News - February 2007
Wandsworth Council Set To Close Wandsworth Museum
In January Wandsworth Council announced its intention to close Wandsworth Museum and turn the Court House building in which it is located into a Wandsworth Town Centre Library. A wide coalition of local history and other organisations and individuals have been campaigning against the plan. I made a number of campaign suggestions, and used email to publicise what was happening among a wide network of current and former residents of Wandsworth and labour movement history organisations. As the former Councillor for part of the area (1982-6) it was obvious to me that opening a new Library would mean the closure of the nearby West Hill and Alvering Libraries, and that the former would make the nationally important De Morgan Collection homeless. I pointed this out in a letter to the Leader of the Council. I argued why the Museum was important, and urged consideration of an alternative approach that would see the Museum as an important asset handed over to a independent trust, and some of the money from the Section 106 money from the planned redevelopment of the Young’s Brewery site be used to fund the Museum in the Court House or move it into the Brewery Tap public house on the Young’s site. This approach has been rejected by leading Councillors. The Council then made it clear that it planned to close the two Libraries. My letter is available on request by email: sean.creighton@btinternet.com. The final decision will be taken at the full Council meeting on 28 March.

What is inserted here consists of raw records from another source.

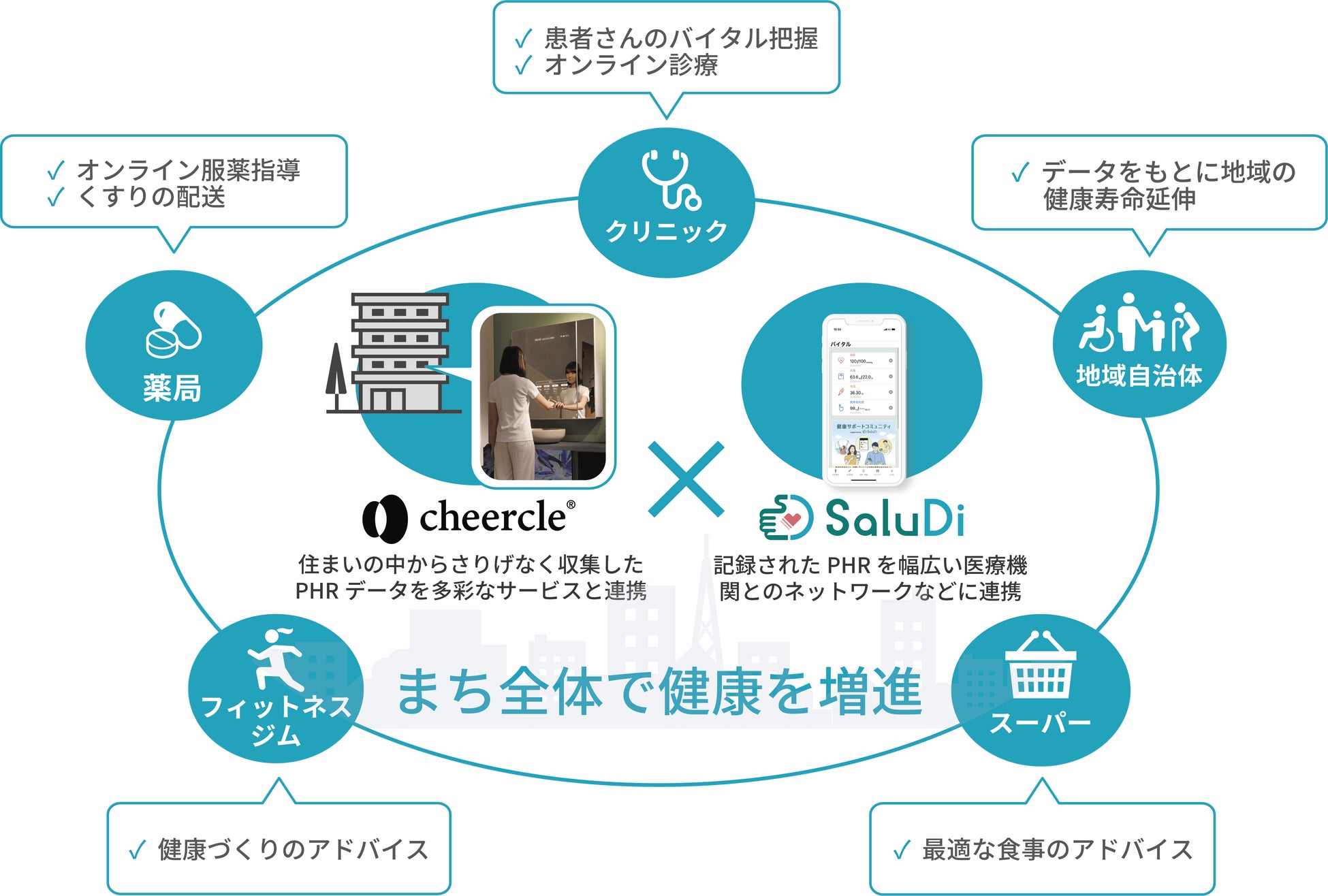 凸版印刷は、住まいの中からさりげなく居住者の体重変化や体組成などのPHR(Personal Health Record)データを収集する「cheercle®」を販売しています。沢井製薬は、PHRデータを管理、本人同意のもとで医療従事者と共有、治療や服薬指導にも活用できるPHR管理アプリ「SaluDi」を展開しています。この二つのサービスを連携することで、居住者の健康情報を確認しながら質の高い医療の提供や、生活者や地域の医療・ヘルスケアサービスの向上が可能となります。
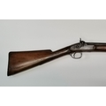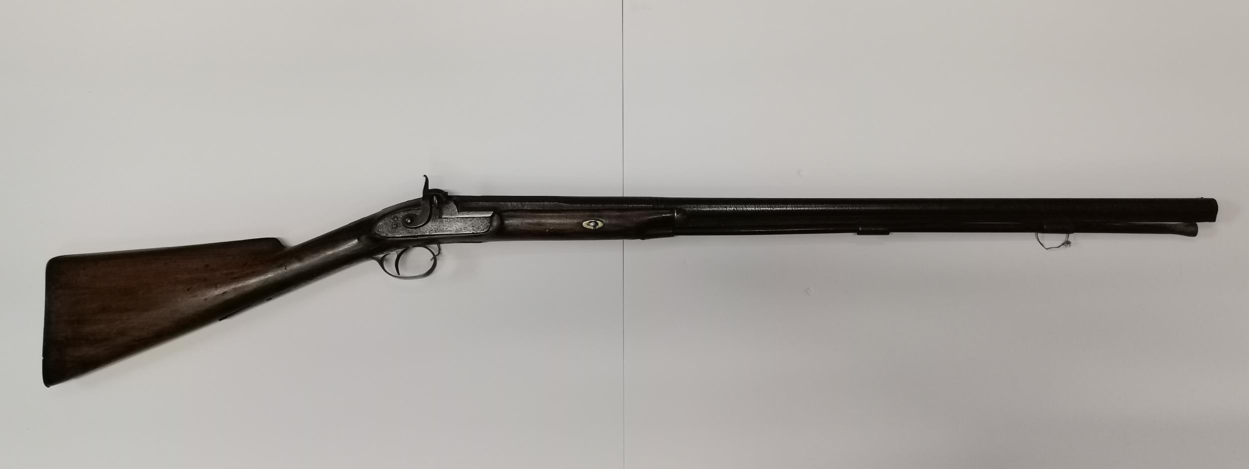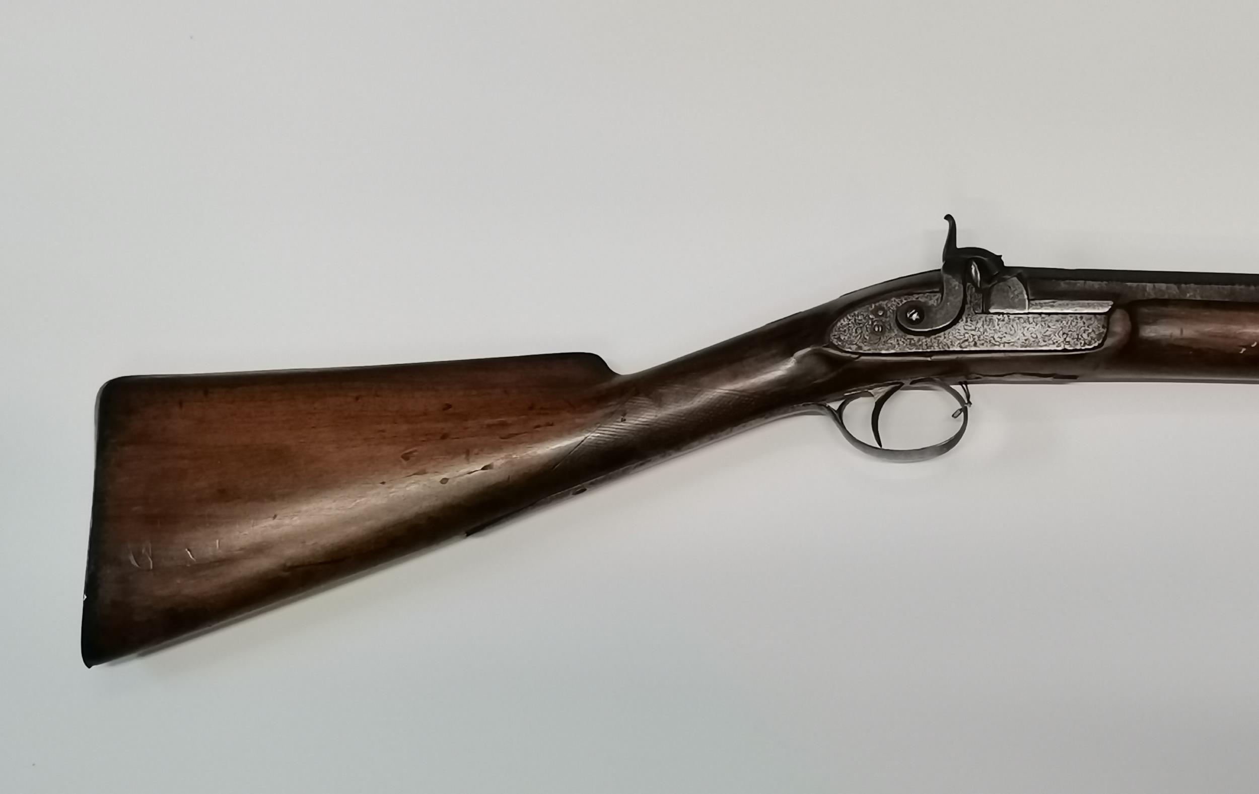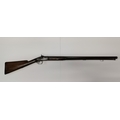 A muzzle loading percussion sporting gun, late 19th/early 20th Century, the 32-inch octagonal to round barrel with gilt-metal band at the breech, the walnut stock with chequered grip, the lockplate with scrolling foliate engraving, with steel furniture and vacant cartouche, the trigger guard with pineapple finial, with brass-tipped wooden ramrod, unsigned. 123cm long overall
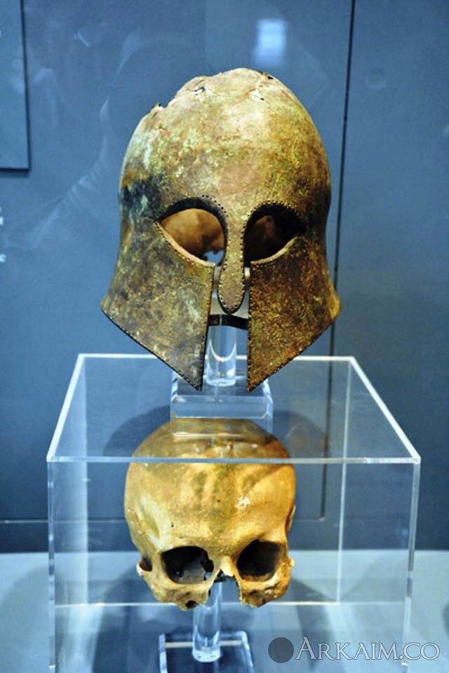 Коринфский шлем и череп из него, 6 в. до н.э. Королевский музей в Онтарио, Канада
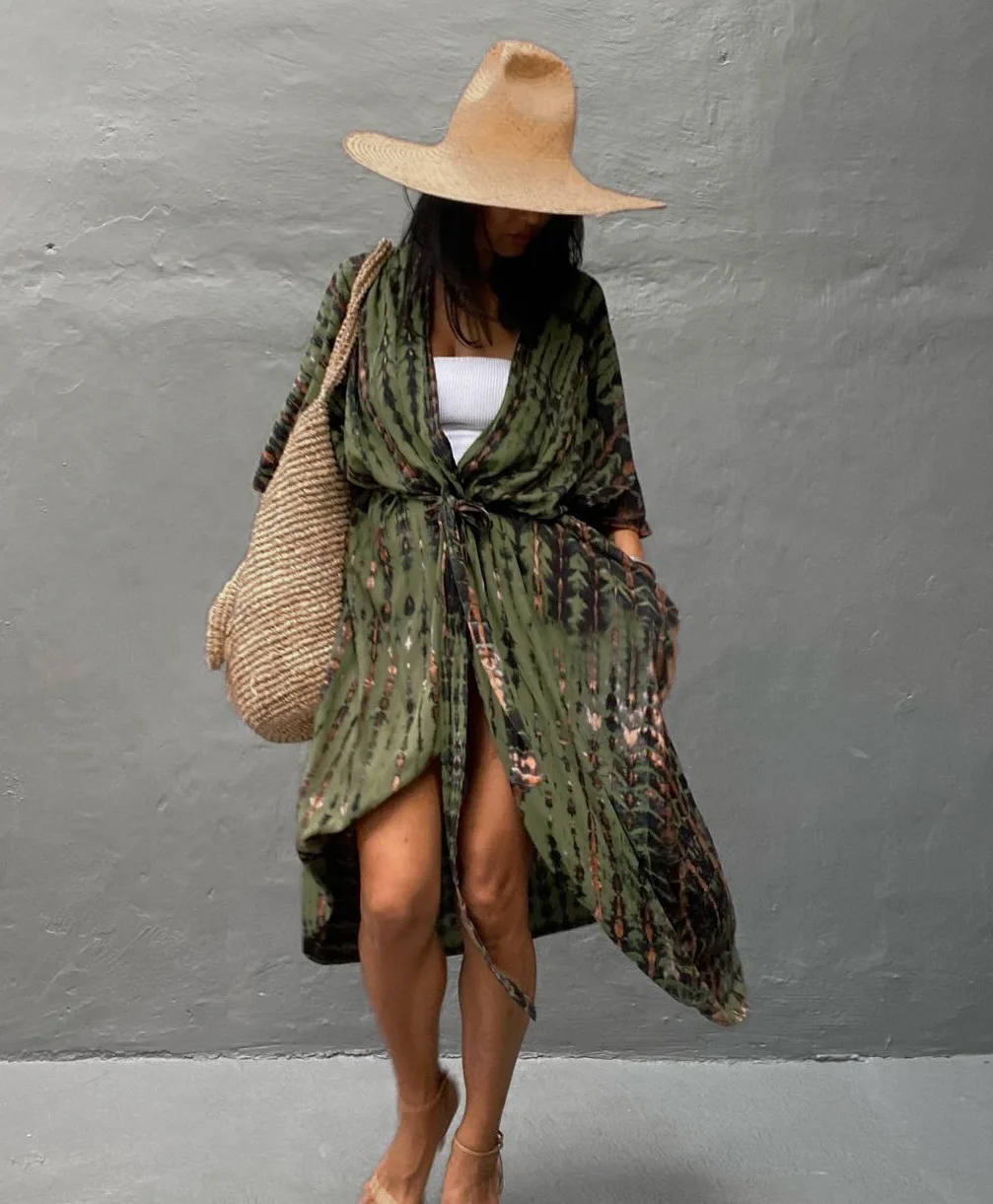 Faites vibrer l’été avec la Robe Kimono De Plage Verte | Tie-dye
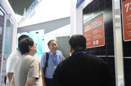 展会首日,安徽省政协副主席郑永飞、中华环保联合会主席孙晓华等领导在巡展时专程来到华晟展台参观,高度赞扬华晟在推动光伏提效降本及市场化应用的突出贡献,并勉励公司深耕太阳能清洁能源,坚持科技创新。
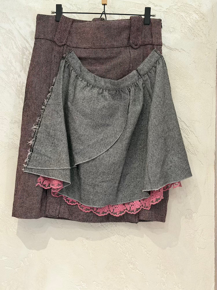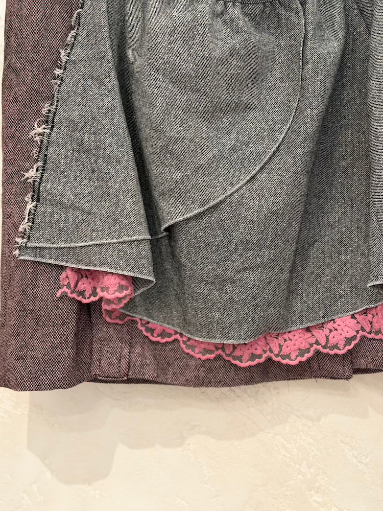 Salt-and-pepper pink skirt with a ruffled half-skirt and pink lace.
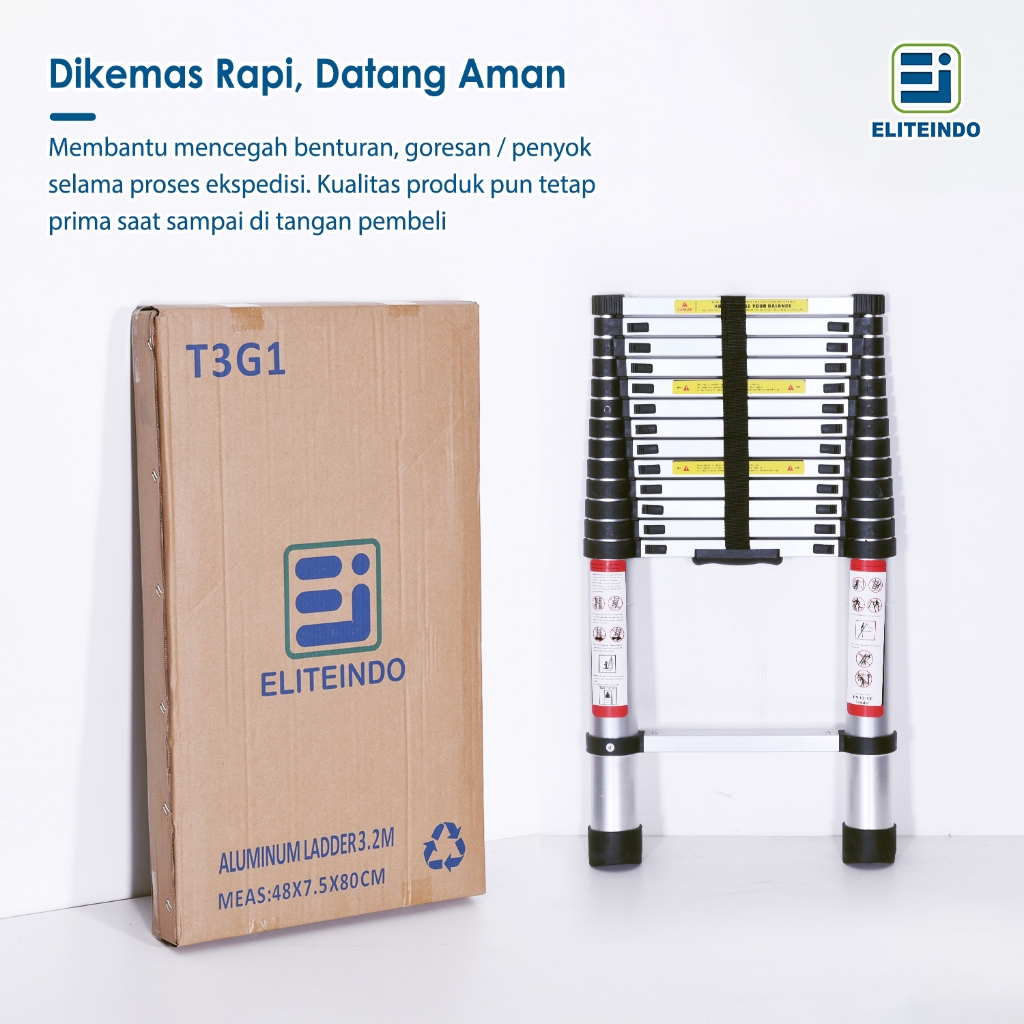 ELITEINDO Tangga Lipat Aluminium Teleskopik Lurus 1.4m/3.5m/4.1 Meter Single Ladder Multifungsi Kuat
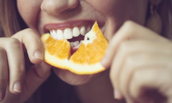 Η βιταμίνη C προάγει την υγεία των ούλων, γι’ αυτό τρώτε εσπεριδοειδή, ντομάτες, πιπεριές, μπρόκολο, πατάτες και σπανάκι.
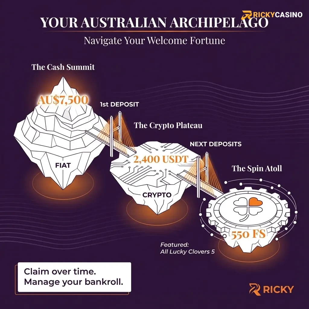 As a new player, you can claim up to AU$7,500 or 2,400 USDT plus 550 free spins on the All Lucky Clovers 5 slot. The package is split across several deposits so you can pace your play. Each step has a set percentage, minimum deposit, wagering, and time limit.
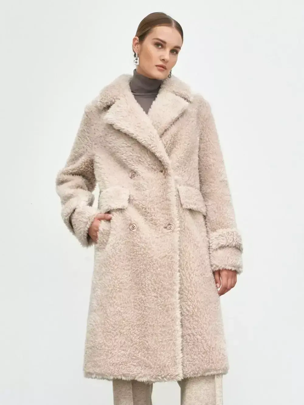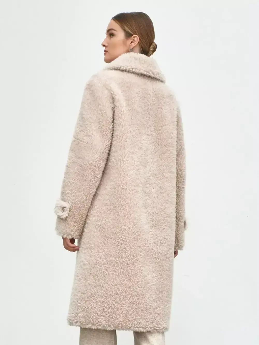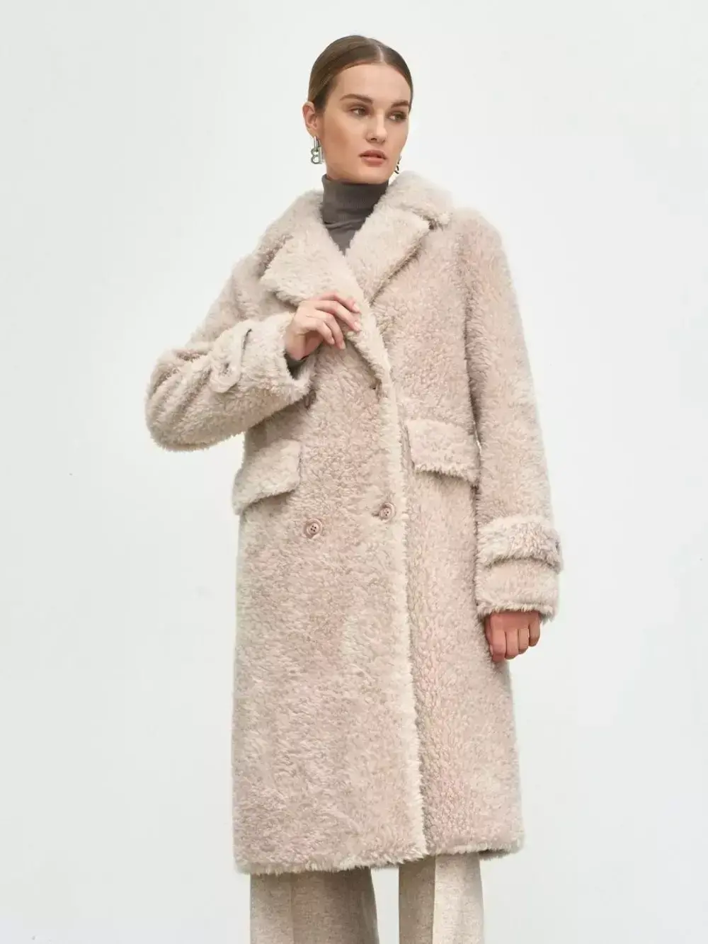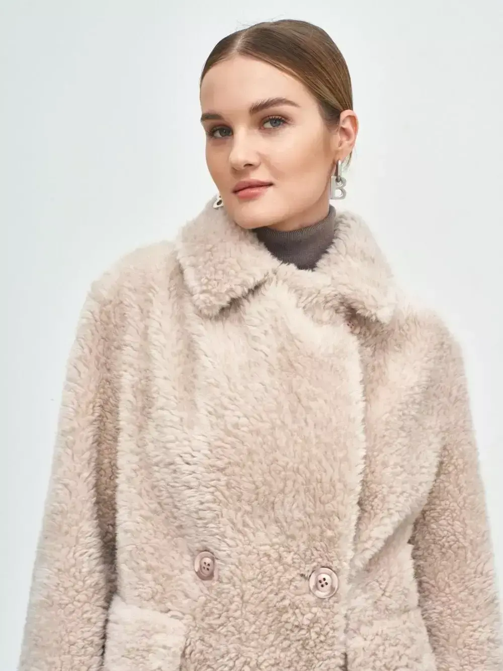 Премиальная шуба «Чебурашка» выполнена из 100% шерсти мериноса. Она обладает английским воротником, удобными прорезными карманами и застежками на пуговицах. Пальто имеет прямой крой и силуэт, выполненный в стиле небольшого оверсайз. Шерсть мериноса прекрасно пропускает воздух, обеспечивая комфорт в любую погоду.
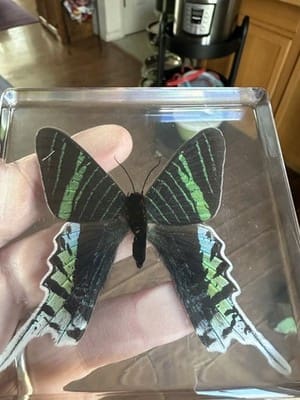 More Photos Coming Soon! This Large Green-Banded Urania Moth is beautifully preserved in crystal-clear resin, showcasing its vibrant, iridescent green bands and striking black wings. Native to tropical regions, this rare day-flying moth is admired for its dazzling coloration and graceful form. A stunning and unique piece, perfect for any oddities décor or curio cabinet.

For more information see Wandsworth Historical Society’s website: www.wandsworthhistory.org.uk/museum.htm
Remembering Slavery 2007 – Tyne & Wear Project
Until the end of June I am working as freelance Archival Mapping & Research Officer for five Museums, Archives & Libraries on Tyne & Wear looking for material in their collections on slavery and anti-slavery. I will be giving talks on the work to MAL staff across the North East on 13 March, and a talk at the Newcastle Literary & Philosophical Society in October.
2006 NEWS
Dignity Without Liberty - Lay Visiting to Lambeth Police Stations
The report ‘Dignity Without Liberty. A Report on Lay Visiting to Lambeth Police Stations’ I wrote for Bristol Centre for Criminal Justice (published in 1991) is now available on the National Archives website: http://www.nationalarchives.gov.uk/ERO/records/ho415/1/rds/pdfs/hors188.pdf
Towards a Community Plan
A discussion paper I prepared (November 2006) as part of my work for RCDT – see www.rcdt.org
Sale of Labour Movement and Political Books
I ran a bookstall with some of Martin Tupper’s politics and labour movement history books at the November Conference of the Society for the Study of Labour History on the Parliamentary Labour Party Centenary at London South Bank University on 24-25 November. (See Books for Sale below)
Work (October onwards)
Due to problems raising core cost funding I have gone part-time with Riverside Community Development Trust, and am supplementing with freelance work (see About Sean page). I have done a couple of tutoring sessions on the Goldsmiths’ Community & Youth work course, and been undertaking research on the Beaufoy Institute in Kennington for Lady Margaret Hall Settlement.
Books for Sale
A number of books from the collection of Martin Tupper, an activist in Battersea Labour Party who died earlier in the year, are available for sale. A successful sale of South London history material was sold at the Lambeth Archives Open Day on 30 September. The money raised is being donated by Martin’s brother Ron to the Battersea Labour Party History Project. A number of books and pamphlets have been donated to specialist libraries and archives, and Martin’s papers are being deposited with Wandsworth Local History Library. Email sean.creighton@btinetrnet.com for details of those items remaining for sale.
Radical North Lambeth
Illustrated talk at Kennington, Oval & Vauxhall Area Local History/Heritage Forum Local History Fair on 22 July - part of Lambeth Riverside Festival
Lambeth Riverside Festival
I co-ordinated the Festival 9-22 July. See www.rcdt.org
Youth as part of our community
This discussion paper on developing a community and voluntary sector youth strategy in the RCDT area I wrote with Tim Saunders (Alford House youth centre) can be seen on www.rcdt.org. The paper was written following the conviction of local young people in the ‘Happy Slapping’ murder trial.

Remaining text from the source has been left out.